How can I subset the model to a select few cell types/clusters before training the model?

yojetsharma opened this issue · 6 comments

I am using the Human_Developing_Brain.pkl as a model to annotate the query dataset. However, I am only interested in select few cell types/clusters.

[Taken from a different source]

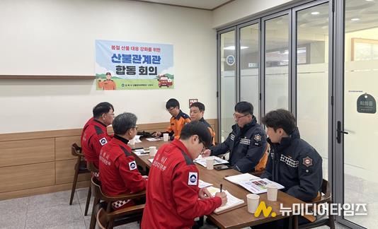 김해시는 23일 오전 김해시공원녹지사업소에서 김해동부소방서, 김해서부소방서와 함께 산불재난 대응체계를 재점검하며 협력체계를 다졌다.

Is there a function to subset those clusters?
Thank you!

@yojetsharma, please refer to this question #128

I did try that:

>>> ref
CellTypist model with 129 cell types and 1000 features
    date: 2022-10-29 21:02:53.713593
    details: cell types from the first-trimester developing human brain
    source: https://doi.org/10.1126/science.adf1226
    version: v1
    cell types: Brain erythrocytes, Brain fibroblasts, ..., Ventral midbrain radial glia
    features: VWA1, HES5, ..., BGN
>>> celltypist.samples.downsample_adata(ref, n_cells=1000, by=(cell_types['Forebrain neuroblast', 'Forebrain neuronal IPC', 'Forebrain glioblast', 'Forebrain neuron', 'Forebrain radial glia', 'Forebrain OPC', 'Forebrain neuroblast', 'Telencephalon glioblast', 'Telencephalon neuron', 'Telencephalon radial glia', 'Telencephalon neuroblast', 'Telencephalon neuronal IPC']), mode='each', return_index=True)
Traceback (most recent call last):
  File "<stdin>", line 1, in <module>
NameError: name 'cell_types' is not defined
>>> celltypist.samples.downsample_adata(ref, n_cells=1000, by=['Forebrain neuroblast', 'Forebrain neuronal IPC', 'Forebrain glioblast', 'Forebrain neuron', 'Forebrain radial glia', 'Forebrain OPC', 'Forebrain neuroblast', 'Telencephalon glioblast', 'Telencephalon neuron', 'Telencephalon radial glia', 'Telencephalon neuroblast', 'Telencephalon neuronal IPC'], mode='each', return_index=True)
Traceback (most recent call last):
  File "<stdin>", line 1, in <module>
  File "/home/user/miniconda3/envs/scarches/lib/python3.9/site-packages/celltypist/samples.py", line 89, in downsample_adata
    celltypes = np.unique(adata.obs[by])
AttributeError: 'Model' object has no attribute 'obs'

@yojetsharma, if you are just selecting a subset of cell types, just use adata = adata[adata.obs.cell_types.isin(['Forebrain neuroblast', 'Forebrain neuronal IPC', 'Forebrain glioblast', 'Forebrain neuron', 'Forebrain radial glia', 'Forebrain OPC', 'Forebrain neuroblast', 'Telencephalon glioblast', 'Telencephalon neuron', 'Telencephalon radial glia', 'Telencephalon neuroblast', 'Telencephalon neuronal IPC'])].copy()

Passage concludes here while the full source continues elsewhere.